„Okazało się, że projekt wyczerpał swoje możliwości. Z jednej strony był wielki sukces frekwencyjny i ludzie to lubili, a z drugiej strony uznaliśmy, że nie osiągnęliśmy tego, co chcieliśmy. To jest nasza porażka, bo okazało się, że ludzie nie chcą taniej sztuki. Ludzie chcą drogiej sztuki i tanich gadżetów” – mówi Łukasz Gorczyca.
Michał Kaczyński dodaje: „Wszystkie najlepsze prace, jakie wyprodukowaliśmy wspólnie z artystami, nie sprzedały się i są nadal do kupienia w naszej księgarni”.

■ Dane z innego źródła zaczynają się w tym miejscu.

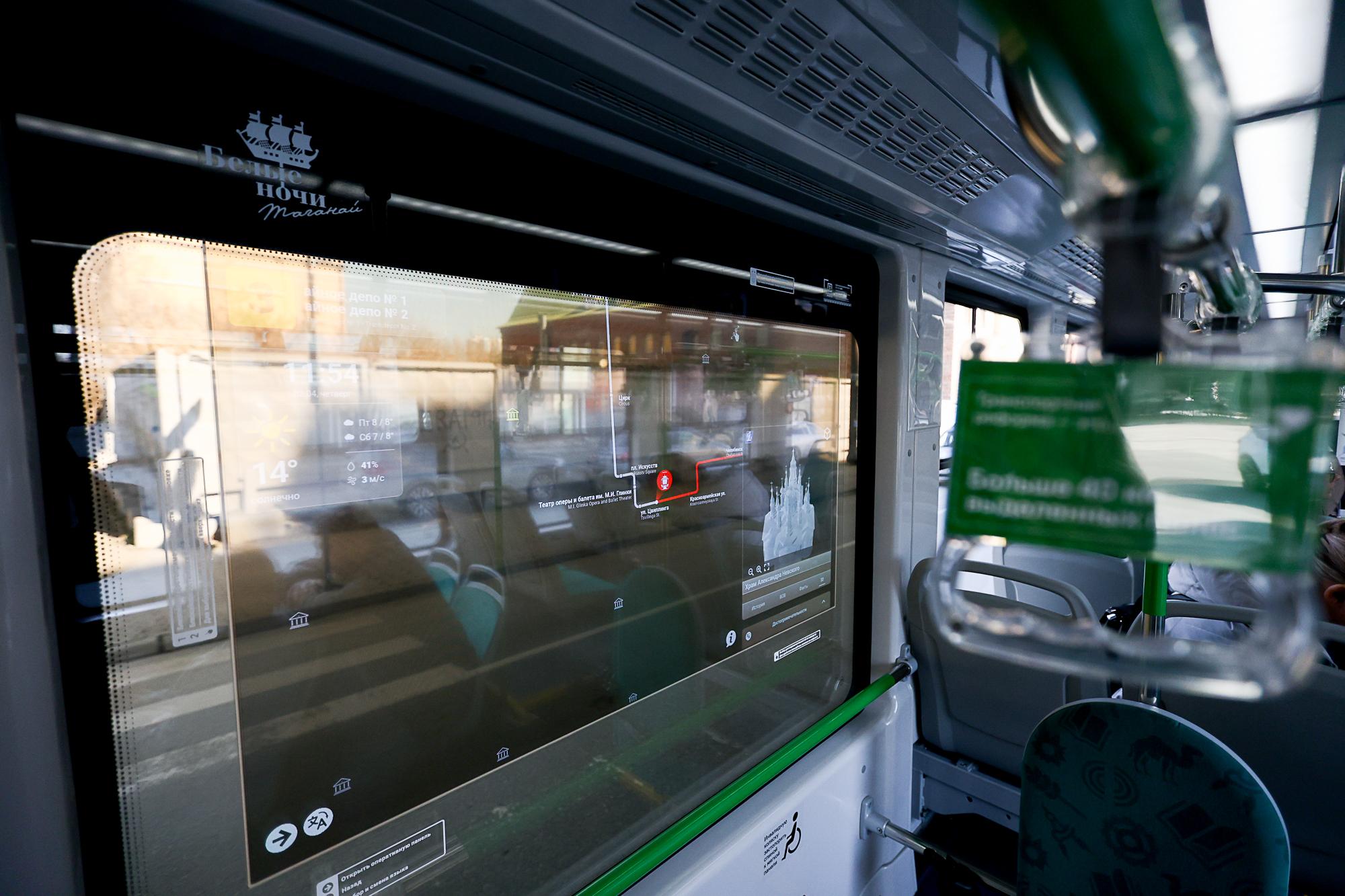 Кроме обычных информационных табло, в салонах установлены две интерактивные сенсорные карты «Белые ночи». Эта петербургская разработка с южноуральской модификацией «Таганай» предназначена для туристов: на ней можно изучить достопримечательности Челябинска и построить маршрут. Также доступен перевод на китайский язык.

Jednak dużej części prac już nie ma. Z łezką w oku będziemy wspominali możliwość kupienia papierowych rzeźb Michała Budnego, „rozbieranej” dziewczyny Agaty Bogackiej, obrazów kuchennych Bartka Materki, plakatów Jadwigi Sawickiej, pudełek z żołnierzykami Zbigniewa Libery czy zdjęć Pauliny Ołowskiej.
Szkoda TTS.
Na zdjęciu:
"Historyczny" już znak graficzny TTS
2 komentarze:
Trochę sie rozmarzyłem wspominając TTS. Uwielbiam rankingi i podsumowania.
Najdziwiejszy obiekt TTS - pukiel włosów Sienczyka;
Najlepszy obiekt TTS - autorskie prezerwatywy Bujnowskiego ewentualnie zdjecia Libery;
Najcięższy obiekt TTS - cegła Kuśmirowskiego;
Najszybciej sprzedający się obiekt TTS - szklanka Bogackiej:
Najdziwniejszy przedmiot TTS - szydełkowe okrycia na kamienie (niestety nie pamietam kogo);
wg mnie po prostu w tym roku nie mieliby nowego towaru i woleli odpuścić. pomysł super; pierwsze i drugie targi były ok, ale na trzecich ciężko było coś fajnego znaleźć.
a najlepsze wg mnie były plakaty sasnala.